Librie himself has said they expected the program to be seen as a stunt, but it’s a much more serious commitment. It’s not about the dollars, he says, but the reach: offering small companies a chance to benefit from an international marketplace. Already, the company plans further expansion in 2019, adding two more locations in the U.S., as well as another international one. There are also plans to open a work-at-home call center in Akron.

“Just exposing Akron’s businesses to the world, that’s been huge,” he says.

“Even if you’re across the country, I want you to be able to shop at my store, and, no matter what size you are, feel comfortable and that you’re a part of something,” says Cori Thackery, owner of Lansing’s Sweetlees Boutique.
Courtesy eBay
The interior of Sweetlees Boutique storefront in Lansing.
Courtesy Cori Thackery

In both U.S. cities where the program is currently operating, it’s seen as a boost, albeit not a game-changing retail renaissance.
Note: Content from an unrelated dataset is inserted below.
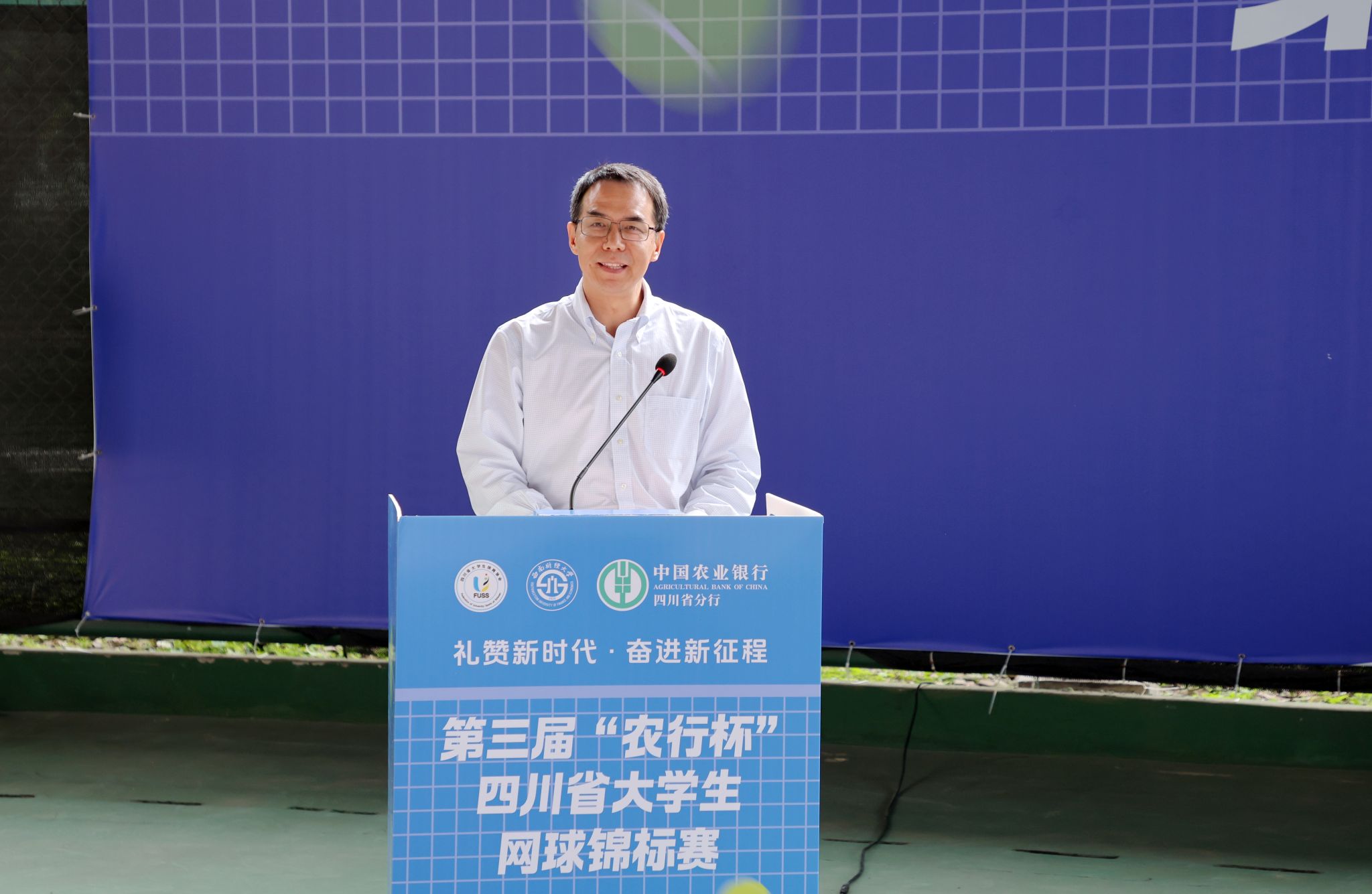 四川省教育廳副廳長石靜,四川省大學生體育協會總顧問、四川省大學生網球協會主席劉青,四川省高等院校網球協會主席賴廷謙,四川省網球協會副主席、新華社四川分社原社長劉欣欣,中國農業銀行股份有限公司四川省分行黨委委員、副行長兼成都分行黨委書記、行長王屹,中國農業銀行股份有限公司四川省分行高級專家兼成都分行黨委委員、副行長朱波,成都市網球協會副主席賀杰,四川省大學生體育協會會長、學校體育學院院長楊遠波,四川省大學生體育協會秘書長、西南交通大學體育學院院長劉江出席開幕式,并為比賽開球。

In Lansing, where 49 companies have been participating in the program since August, Mayor Andy Schor believes eBay’s initiative can be a small part of a larger strategy.

“Small businesses are the lifeblood of the economy,” he says. “In Lansing, we still have GM and two hospital systems, but everyone who works here still needs retail, goods, and services. People have to take a risk, and buy a building, and open a small business. Those who will take these risks now have additional tools through eBay.”

Cori Thackery, a former teacher and founder of Lansing’s Sweetlees Boutique, is one of those risk takers. She started the clothing store in 2016, and has expanded rapidly, using a Facebook group for promotion and now employing nine and operating her own brick-and-mortar store. The customer support and assistance through Retail Revival has been great, but so far, eBay has just added up to about 1 percent of her monthly revenue.

“Is it making a huge difference?” Thackery asks. “No, but I hope that as I continue to expand the store, and use eBay’s tools, I can keep growing that presence.”

It’s also helping her build up more business at her store. The brick-and-mortar location has allowed her to reach out more to her community.

“Even if you’re across the country, I want you to be able to shop at my store, and, no matter what size you are, feel comfortable and that you’re a part of something,” she says. “I know it sounds cliche to say [it, but] small businesses really are the heart of the country.”